[[ Excerpted records open ]]

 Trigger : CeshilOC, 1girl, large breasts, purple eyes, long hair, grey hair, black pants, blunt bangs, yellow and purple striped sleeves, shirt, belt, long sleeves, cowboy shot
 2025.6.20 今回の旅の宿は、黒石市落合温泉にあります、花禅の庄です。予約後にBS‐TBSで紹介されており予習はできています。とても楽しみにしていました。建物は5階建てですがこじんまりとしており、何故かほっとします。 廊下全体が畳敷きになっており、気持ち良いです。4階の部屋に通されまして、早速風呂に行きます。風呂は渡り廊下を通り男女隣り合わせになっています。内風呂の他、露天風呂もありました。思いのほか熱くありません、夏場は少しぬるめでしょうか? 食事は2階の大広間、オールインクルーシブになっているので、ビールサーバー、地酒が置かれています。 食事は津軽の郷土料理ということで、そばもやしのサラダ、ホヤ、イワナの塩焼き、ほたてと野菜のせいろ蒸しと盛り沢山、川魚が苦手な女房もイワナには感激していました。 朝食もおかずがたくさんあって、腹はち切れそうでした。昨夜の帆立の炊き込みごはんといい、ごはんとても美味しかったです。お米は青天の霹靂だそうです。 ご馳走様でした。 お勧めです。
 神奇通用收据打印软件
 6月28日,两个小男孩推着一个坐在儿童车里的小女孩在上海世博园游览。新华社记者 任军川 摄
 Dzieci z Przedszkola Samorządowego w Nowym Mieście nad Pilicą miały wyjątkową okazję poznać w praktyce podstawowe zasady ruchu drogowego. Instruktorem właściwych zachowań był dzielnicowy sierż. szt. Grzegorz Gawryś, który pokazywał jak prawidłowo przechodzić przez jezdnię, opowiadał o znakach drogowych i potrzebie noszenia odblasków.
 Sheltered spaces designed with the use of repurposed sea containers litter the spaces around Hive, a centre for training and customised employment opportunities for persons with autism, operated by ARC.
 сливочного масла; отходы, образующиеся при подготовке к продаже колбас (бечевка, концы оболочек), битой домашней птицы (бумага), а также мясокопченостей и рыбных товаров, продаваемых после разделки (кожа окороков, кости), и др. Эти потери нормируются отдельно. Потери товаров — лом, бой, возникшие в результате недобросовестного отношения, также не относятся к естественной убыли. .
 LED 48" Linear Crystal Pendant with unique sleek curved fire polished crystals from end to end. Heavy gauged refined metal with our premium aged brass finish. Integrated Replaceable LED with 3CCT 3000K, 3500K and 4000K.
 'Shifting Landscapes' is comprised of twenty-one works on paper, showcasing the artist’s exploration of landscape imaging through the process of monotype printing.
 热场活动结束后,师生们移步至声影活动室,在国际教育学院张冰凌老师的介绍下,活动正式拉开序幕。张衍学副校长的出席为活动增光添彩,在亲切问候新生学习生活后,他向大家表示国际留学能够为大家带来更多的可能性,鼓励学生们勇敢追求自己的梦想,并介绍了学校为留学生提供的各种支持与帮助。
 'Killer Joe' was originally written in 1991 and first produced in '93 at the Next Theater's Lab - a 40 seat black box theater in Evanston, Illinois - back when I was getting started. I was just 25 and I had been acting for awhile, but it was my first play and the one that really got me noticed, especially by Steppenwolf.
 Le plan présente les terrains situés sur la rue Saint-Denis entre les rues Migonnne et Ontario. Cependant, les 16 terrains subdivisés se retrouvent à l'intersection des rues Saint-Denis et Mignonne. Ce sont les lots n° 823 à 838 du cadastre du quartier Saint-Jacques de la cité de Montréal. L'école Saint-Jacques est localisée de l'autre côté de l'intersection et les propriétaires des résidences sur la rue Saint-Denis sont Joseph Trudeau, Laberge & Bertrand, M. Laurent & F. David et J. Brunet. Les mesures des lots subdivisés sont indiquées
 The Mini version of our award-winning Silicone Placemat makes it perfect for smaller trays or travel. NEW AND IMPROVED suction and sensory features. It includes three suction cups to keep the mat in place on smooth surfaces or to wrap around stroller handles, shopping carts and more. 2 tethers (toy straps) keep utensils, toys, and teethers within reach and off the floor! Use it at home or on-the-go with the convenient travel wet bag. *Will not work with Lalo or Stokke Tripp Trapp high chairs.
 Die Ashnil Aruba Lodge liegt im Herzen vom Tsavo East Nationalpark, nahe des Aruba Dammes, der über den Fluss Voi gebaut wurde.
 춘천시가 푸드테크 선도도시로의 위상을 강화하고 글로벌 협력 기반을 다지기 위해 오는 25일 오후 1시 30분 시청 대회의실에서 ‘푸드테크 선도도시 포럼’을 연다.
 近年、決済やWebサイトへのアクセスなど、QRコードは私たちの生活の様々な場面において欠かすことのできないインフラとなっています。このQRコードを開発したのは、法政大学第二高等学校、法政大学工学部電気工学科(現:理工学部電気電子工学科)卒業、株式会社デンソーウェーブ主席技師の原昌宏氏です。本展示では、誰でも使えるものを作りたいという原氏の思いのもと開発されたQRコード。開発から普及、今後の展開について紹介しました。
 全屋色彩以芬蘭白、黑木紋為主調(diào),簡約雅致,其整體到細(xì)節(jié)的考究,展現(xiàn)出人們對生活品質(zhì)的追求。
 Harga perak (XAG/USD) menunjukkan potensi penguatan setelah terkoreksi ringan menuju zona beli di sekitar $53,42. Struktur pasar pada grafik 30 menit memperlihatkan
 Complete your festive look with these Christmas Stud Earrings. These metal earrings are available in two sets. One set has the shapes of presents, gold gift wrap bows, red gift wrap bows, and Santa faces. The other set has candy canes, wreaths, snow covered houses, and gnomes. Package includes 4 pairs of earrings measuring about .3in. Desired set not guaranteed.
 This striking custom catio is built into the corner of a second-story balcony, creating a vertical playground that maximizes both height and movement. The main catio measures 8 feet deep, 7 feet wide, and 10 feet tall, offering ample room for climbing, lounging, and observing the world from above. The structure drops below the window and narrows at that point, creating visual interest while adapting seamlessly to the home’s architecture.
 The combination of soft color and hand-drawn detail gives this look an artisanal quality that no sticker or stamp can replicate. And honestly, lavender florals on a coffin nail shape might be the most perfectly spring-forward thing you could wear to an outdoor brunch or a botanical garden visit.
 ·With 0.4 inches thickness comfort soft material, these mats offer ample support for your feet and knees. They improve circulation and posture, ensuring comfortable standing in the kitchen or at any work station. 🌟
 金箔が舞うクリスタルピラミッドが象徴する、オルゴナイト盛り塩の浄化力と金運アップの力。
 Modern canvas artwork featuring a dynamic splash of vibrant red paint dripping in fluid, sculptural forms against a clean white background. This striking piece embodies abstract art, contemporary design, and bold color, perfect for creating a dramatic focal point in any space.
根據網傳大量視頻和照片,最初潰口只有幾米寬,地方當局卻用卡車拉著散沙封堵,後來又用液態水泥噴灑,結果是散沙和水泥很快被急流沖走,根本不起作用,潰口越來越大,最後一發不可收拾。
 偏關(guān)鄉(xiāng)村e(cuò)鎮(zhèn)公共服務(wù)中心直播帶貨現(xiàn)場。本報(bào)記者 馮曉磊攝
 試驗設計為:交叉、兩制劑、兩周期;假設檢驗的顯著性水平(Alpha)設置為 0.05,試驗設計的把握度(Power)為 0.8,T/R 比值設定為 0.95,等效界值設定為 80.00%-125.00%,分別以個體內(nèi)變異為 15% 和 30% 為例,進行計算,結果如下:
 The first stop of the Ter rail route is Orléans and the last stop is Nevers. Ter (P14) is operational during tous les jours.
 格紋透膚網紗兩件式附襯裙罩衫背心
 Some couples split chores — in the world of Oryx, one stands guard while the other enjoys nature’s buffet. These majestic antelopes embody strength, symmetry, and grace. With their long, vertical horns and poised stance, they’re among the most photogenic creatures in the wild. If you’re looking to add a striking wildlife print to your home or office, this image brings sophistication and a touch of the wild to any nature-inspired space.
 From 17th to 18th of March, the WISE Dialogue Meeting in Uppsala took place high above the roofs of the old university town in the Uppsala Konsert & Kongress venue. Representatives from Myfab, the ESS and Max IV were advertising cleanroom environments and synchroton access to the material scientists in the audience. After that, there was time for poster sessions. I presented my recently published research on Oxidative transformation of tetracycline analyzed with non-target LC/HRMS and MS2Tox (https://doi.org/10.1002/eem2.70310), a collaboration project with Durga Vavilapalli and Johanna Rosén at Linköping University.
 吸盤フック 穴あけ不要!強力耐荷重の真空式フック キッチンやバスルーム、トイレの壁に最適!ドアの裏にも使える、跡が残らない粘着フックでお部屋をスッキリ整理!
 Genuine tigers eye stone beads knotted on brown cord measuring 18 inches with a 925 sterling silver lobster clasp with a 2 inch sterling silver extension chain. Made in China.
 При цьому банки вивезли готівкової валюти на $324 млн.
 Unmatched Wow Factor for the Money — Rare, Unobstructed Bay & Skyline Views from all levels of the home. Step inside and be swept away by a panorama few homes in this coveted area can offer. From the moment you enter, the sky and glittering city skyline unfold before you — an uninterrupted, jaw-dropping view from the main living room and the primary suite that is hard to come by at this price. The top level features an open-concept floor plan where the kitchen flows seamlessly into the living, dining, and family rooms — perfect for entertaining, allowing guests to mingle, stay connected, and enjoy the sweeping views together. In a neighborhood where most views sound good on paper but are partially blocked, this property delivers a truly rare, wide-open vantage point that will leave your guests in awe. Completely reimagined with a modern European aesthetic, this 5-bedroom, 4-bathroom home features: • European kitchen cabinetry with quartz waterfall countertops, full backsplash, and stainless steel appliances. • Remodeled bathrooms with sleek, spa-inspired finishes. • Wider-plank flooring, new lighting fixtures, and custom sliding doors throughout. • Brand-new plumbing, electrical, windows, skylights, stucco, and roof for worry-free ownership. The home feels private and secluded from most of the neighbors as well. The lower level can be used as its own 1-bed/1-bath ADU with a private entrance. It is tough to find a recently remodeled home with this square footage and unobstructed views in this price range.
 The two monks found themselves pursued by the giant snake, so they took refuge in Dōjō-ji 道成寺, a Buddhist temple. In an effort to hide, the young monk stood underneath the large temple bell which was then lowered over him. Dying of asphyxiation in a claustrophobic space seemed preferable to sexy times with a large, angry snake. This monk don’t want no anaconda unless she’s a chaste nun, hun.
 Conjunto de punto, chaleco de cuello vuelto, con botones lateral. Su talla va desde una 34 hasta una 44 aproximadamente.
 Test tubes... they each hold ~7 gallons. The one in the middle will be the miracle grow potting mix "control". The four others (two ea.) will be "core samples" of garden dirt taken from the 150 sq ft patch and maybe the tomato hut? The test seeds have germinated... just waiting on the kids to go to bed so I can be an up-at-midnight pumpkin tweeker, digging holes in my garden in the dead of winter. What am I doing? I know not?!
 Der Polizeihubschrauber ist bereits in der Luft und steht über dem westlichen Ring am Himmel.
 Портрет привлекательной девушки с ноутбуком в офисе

[[ Excerpted records closed ]]

▶ Task instructions
Retype the entries above exactly, but only from the line containing "Genuine tigers eye" through the line containing "При цьому банки", both included.

▶ Reply
 Genuine tigers eye stone beads knotted on brown cord measuring 18 inches with a 925 sterling silver lobster clasp with a 2 inch sterling silver extension chain. Made in China.
 При цьому банки вивезли готівкової валюти на $324 млн.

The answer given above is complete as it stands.